▶ **Try it**: Using the listing below, print the line containing "items fabric has", the line containing "Set đồ bao gồm", and each line between them, exactly and nothing else. Pictures stay out of the print.

--- Information supplied Enclosed Below ---

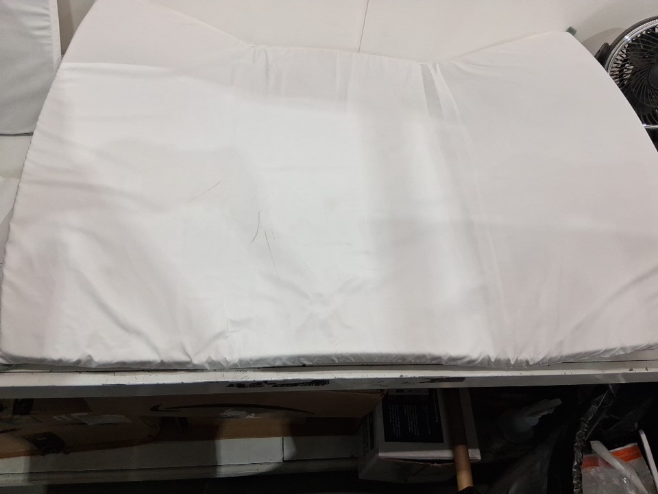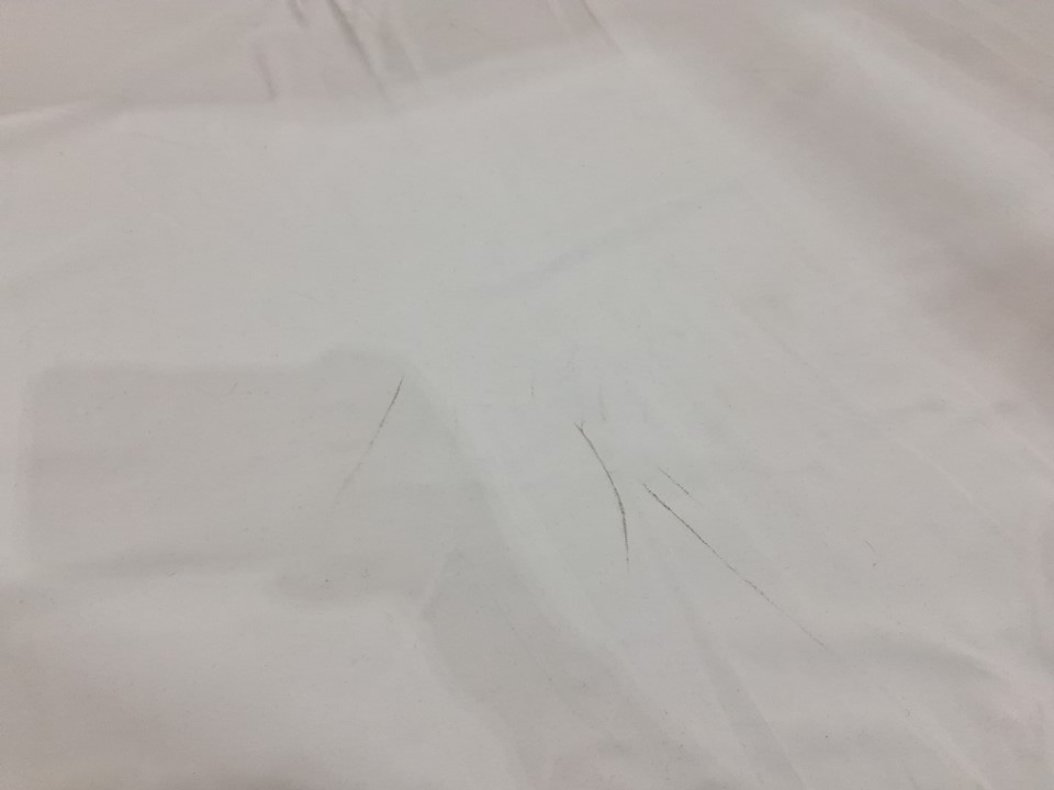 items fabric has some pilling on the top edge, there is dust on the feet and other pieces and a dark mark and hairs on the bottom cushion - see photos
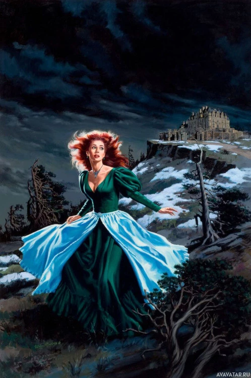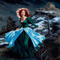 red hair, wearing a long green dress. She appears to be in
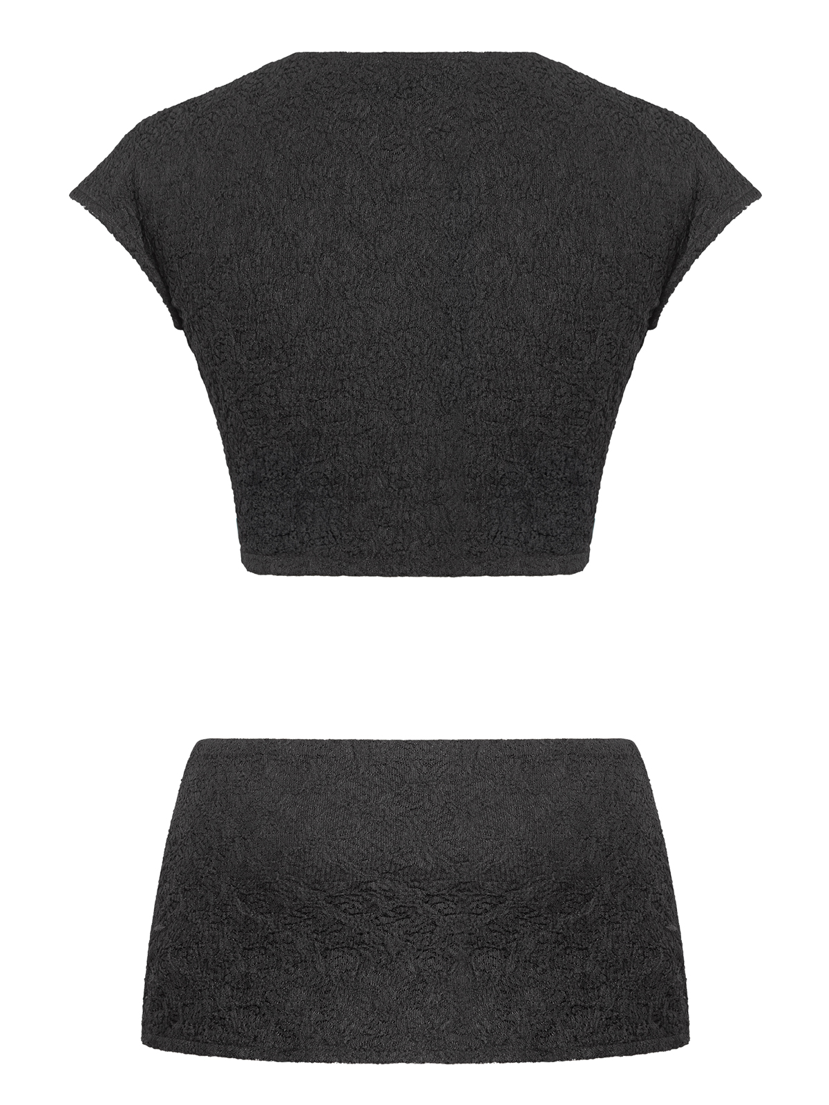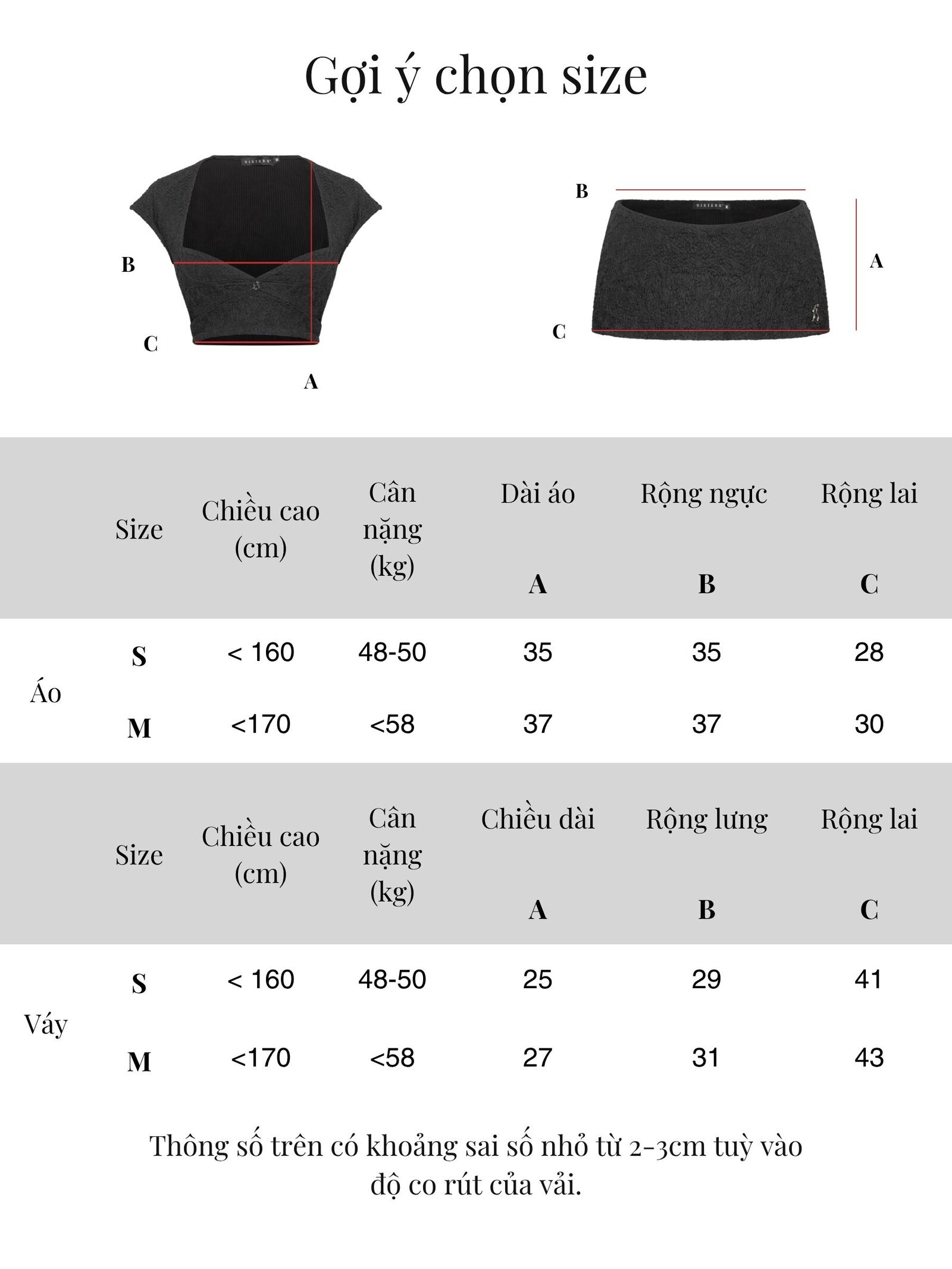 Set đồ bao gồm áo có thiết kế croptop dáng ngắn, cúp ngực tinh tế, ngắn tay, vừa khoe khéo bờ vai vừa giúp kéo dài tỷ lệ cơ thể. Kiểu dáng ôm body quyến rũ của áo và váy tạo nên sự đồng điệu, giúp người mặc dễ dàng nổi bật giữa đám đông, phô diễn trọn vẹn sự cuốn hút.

--- End of Enclosed Information supplied ---
--- Information supplied Enclosed Below ---

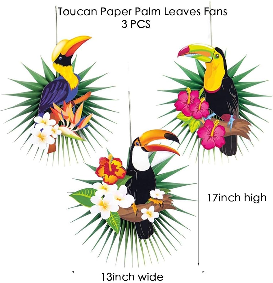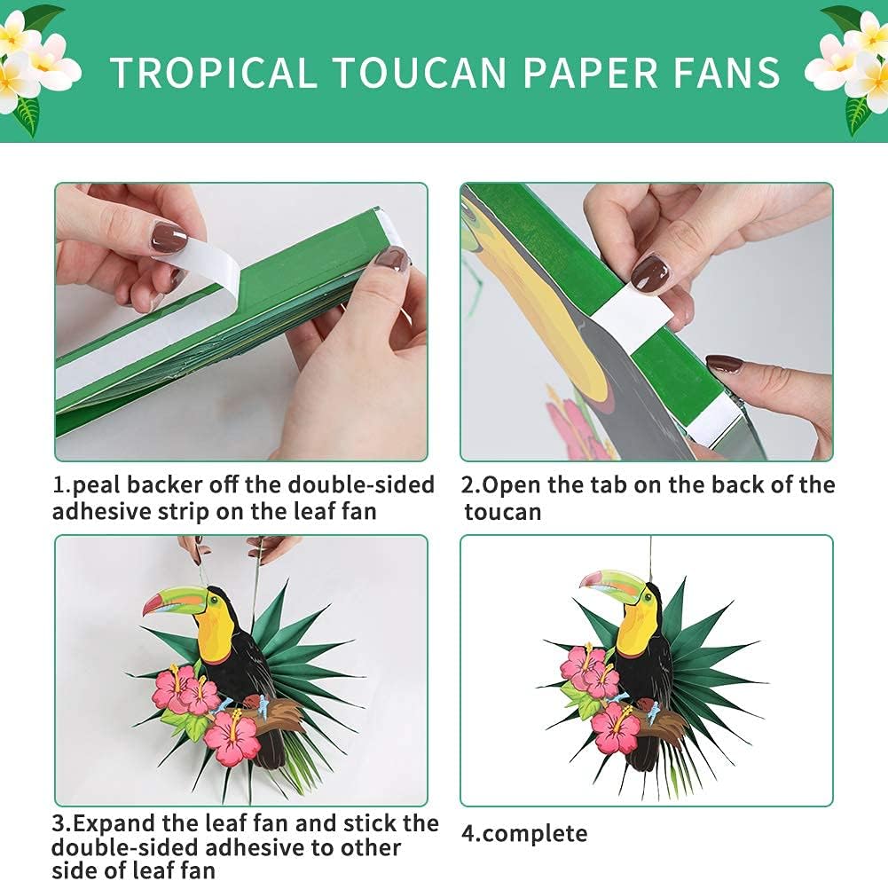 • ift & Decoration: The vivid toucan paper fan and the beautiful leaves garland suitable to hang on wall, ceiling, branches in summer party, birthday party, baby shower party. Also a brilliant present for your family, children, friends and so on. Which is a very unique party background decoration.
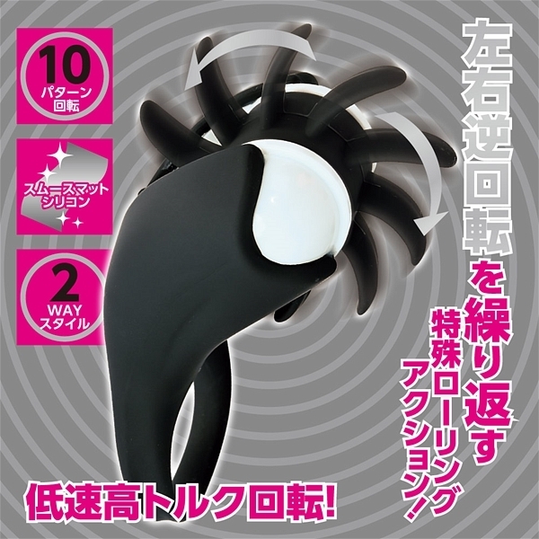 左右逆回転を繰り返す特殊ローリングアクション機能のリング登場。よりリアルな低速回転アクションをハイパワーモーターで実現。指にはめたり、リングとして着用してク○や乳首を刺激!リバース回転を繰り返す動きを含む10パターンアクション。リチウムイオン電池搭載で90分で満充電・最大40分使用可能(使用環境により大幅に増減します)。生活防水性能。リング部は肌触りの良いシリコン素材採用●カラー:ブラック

--- End of Enclosed Information supplied ---
--- Information supplied Enclosed Below ---

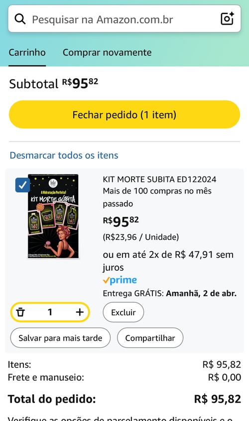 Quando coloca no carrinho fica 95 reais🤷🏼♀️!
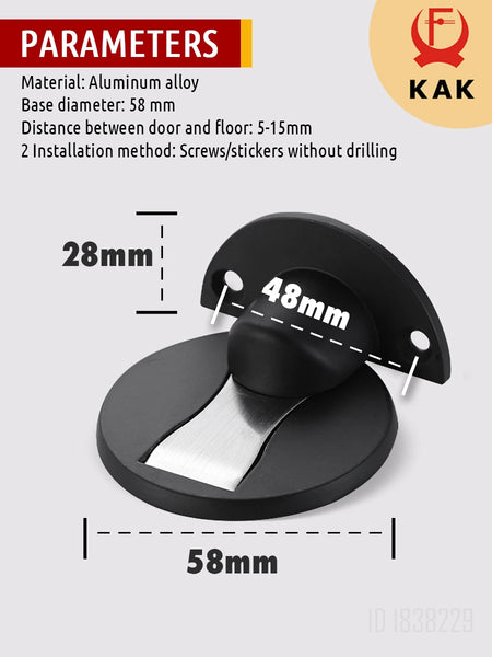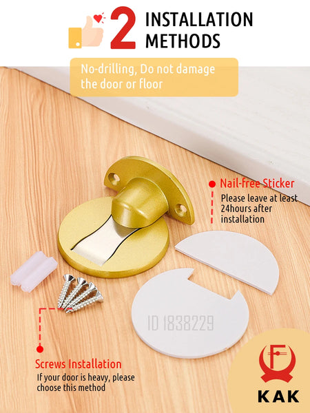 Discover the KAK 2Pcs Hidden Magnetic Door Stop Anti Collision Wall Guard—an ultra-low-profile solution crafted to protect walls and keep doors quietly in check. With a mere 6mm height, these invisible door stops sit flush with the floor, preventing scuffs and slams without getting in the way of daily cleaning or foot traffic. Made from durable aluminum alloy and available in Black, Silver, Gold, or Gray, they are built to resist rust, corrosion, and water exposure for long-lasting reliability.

--- End of Enclosed Information supplied ---

▶ **Result below**:
 items fabric has some pilling on the top edge, there is dust on the feet and other pieces and a dark mark and hairs on the bottom cushion - see photos
 red hair, wearing a long green dress. She appears to be in
 Set đồ bao gồm áo có thiết kế croptop dáng ngắn, cúp ngực tinh tế, ngắn tay, vừa khoe khéo bờ vai vừa giúp kéo dài tỷ lệ cơ thể. Kiểu dáng ôm body quyến rũ của áo và váy tạo nên sự đồng điệu, giúp người mặc dễ dàng nổi bật giữa đám đông, phô diễn trọn vẹn sự cuốn hút.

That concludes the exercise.